====== Supplied entries
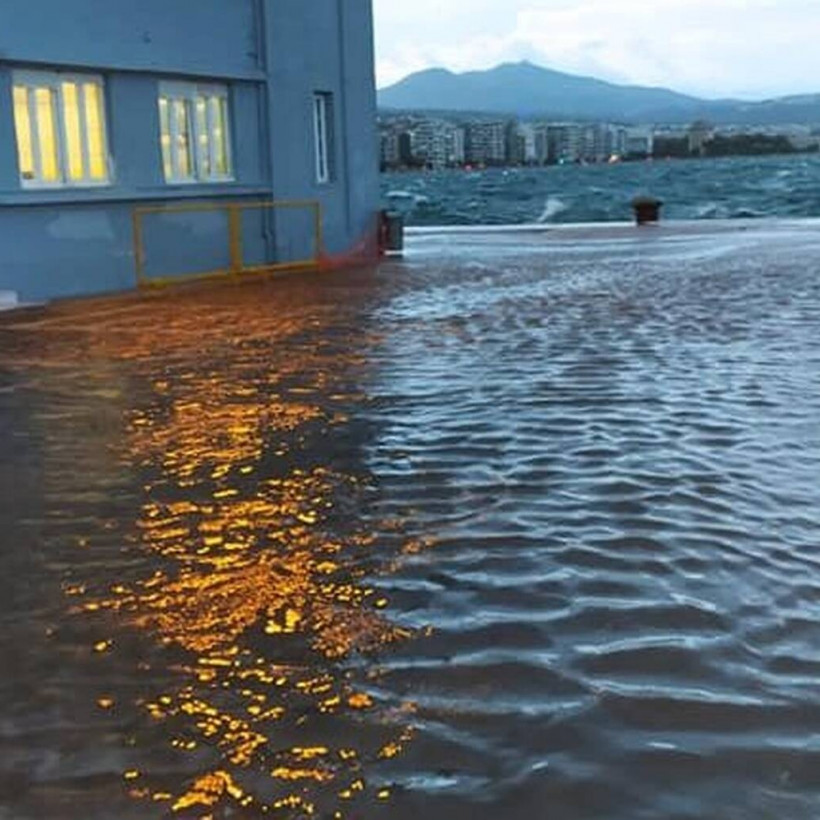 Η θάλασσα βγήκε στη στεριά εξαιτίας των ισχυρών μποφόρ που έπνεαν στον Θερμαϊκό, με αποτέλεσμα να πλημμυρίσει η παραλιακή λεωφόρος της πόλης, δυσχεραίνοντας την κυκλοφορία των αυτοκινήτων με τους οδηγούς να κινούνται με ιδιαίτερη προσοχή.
============
====== Supplied entries
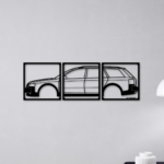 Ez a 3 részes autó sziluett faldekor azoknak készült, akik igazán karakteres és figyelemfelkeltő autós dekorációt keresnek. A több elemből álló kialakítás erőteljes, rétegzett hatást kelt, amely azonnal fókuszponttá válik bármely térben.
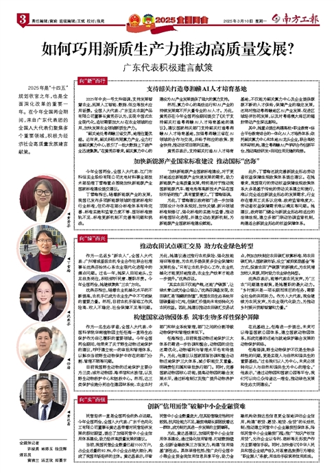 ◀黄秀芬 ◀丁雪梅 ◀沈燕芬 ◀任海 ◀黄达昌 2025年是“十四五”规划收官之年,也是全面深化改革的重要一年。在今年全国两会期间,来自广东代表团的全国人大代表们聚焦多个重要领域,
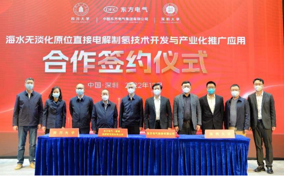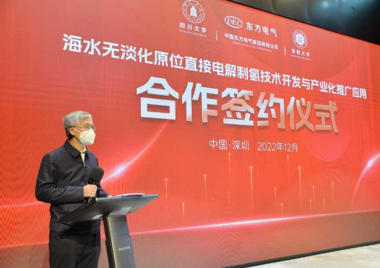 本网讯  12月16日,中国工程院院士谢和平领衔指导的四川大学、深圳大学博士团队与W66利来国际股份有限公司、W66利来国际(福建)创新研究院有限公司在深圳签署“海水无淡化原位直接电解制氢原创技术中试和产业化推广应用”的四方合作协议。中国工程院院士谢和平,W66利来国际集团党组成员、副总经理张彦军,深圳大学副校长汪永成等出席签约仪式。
============
====== Supplied entries
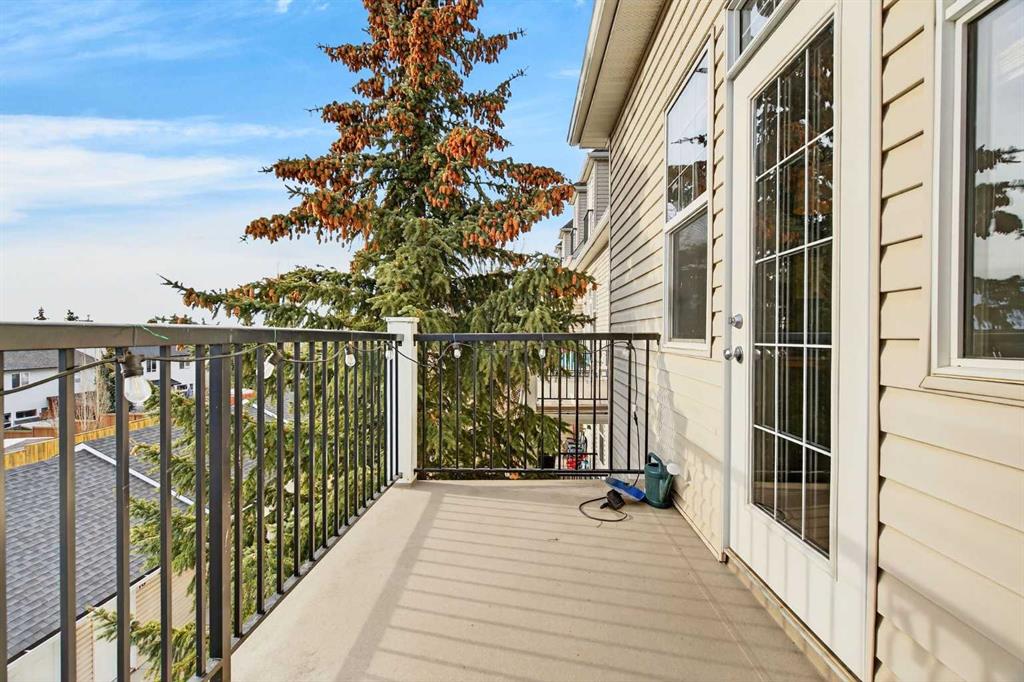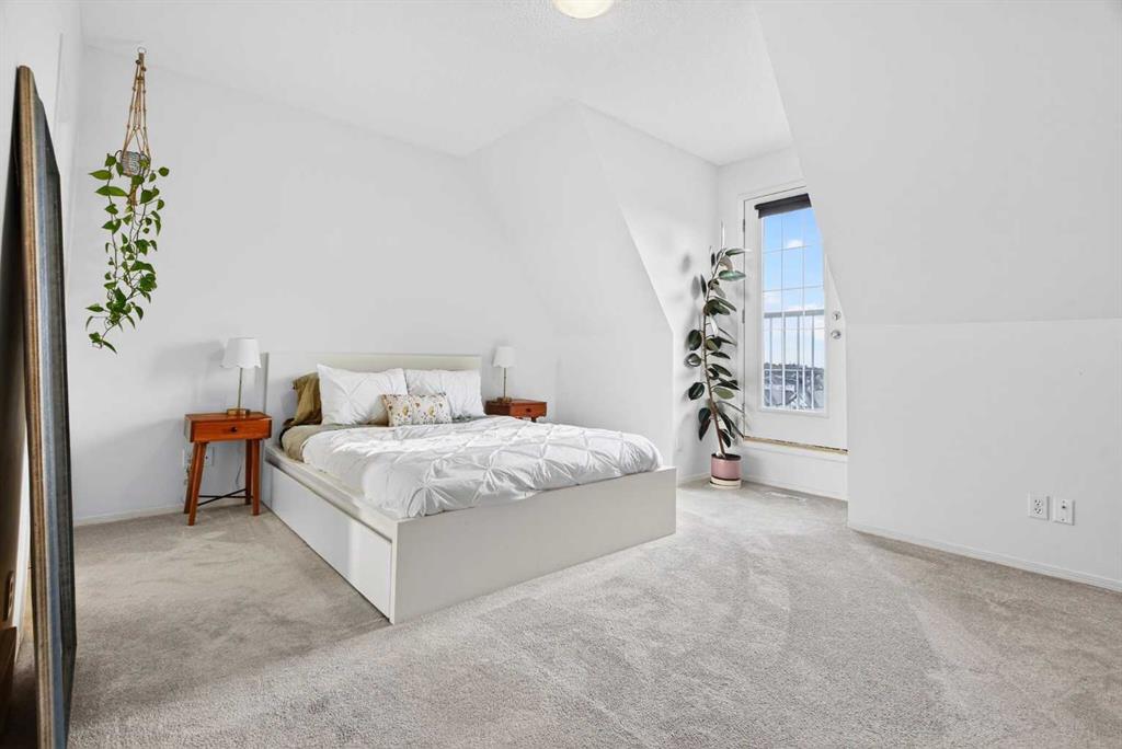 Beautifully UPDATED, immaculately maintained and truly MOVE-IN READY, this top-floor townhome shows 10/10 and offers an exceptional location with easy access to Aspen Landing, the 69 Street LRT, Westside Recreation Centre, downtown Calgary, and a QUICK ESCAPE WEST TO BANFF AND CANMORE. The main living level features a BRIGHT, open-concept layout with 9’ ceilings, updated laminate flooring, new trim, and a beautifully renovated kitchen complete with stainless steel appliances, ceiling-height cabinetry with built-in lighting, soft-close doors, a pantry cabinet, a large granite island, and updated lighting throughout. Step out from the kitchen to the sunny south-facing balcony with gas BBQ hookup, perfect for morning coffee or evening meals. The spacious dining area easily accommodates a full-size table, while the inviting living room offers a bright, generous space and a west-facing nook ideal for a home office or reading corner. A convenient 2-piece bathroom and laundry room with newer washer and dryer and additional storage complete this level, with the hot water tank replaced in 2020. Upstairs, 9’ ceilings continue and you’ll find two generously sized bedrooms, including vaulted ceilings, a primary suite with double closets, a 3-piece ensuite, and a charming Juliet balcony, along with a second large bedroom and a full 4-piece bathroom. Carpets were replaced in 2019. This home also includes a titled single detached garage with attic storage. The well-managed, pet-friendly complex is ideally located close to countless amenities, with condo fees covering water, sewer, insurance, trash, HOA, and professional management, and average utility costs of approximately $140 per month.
============
About this task:
The reply should hold the entries above from the line with "Ez a 3 részes" to the line with "本网讯  12月16日,中国", duplicated exactly, pictures excluded.

Result below:
 Ez a 3 részes autó sziluett faldekor azoknak készült, akik igazán karakteres és figyelemfelkeltő autós dekorációt keresnek. A több elemből álló kialakítás erőteljes, rétegzett hatást kelt, amely azonnal fókuszponttá válik bármely térben.
 ◀黄秀芬 ◀丁雪梅 ◀沈燕芬 ◀任海 ◀黄达昌 2025年是“十四五”规划收官之年,也是全面深化改革的重要一年。在今年全国两会期间,来自广东代表团的全国人大代表们聚焦多个重要领域,
 本网讯  12月16日,中国工程院院士谢和平领衔指导的四川大学、深圳大学博士团队与W66利来国际股份有限公司、W66利来国际(福建)创新研究院有限公司在深圳签署“海水无淡化原位直接电解制氢原创技术中试和产业化推广应用”的四方合作协议。中国工程院院士谢和平,W66利来国际集团党组成员、副总经理张彦军,深圳大学副校长汪永成等出席签约仪式。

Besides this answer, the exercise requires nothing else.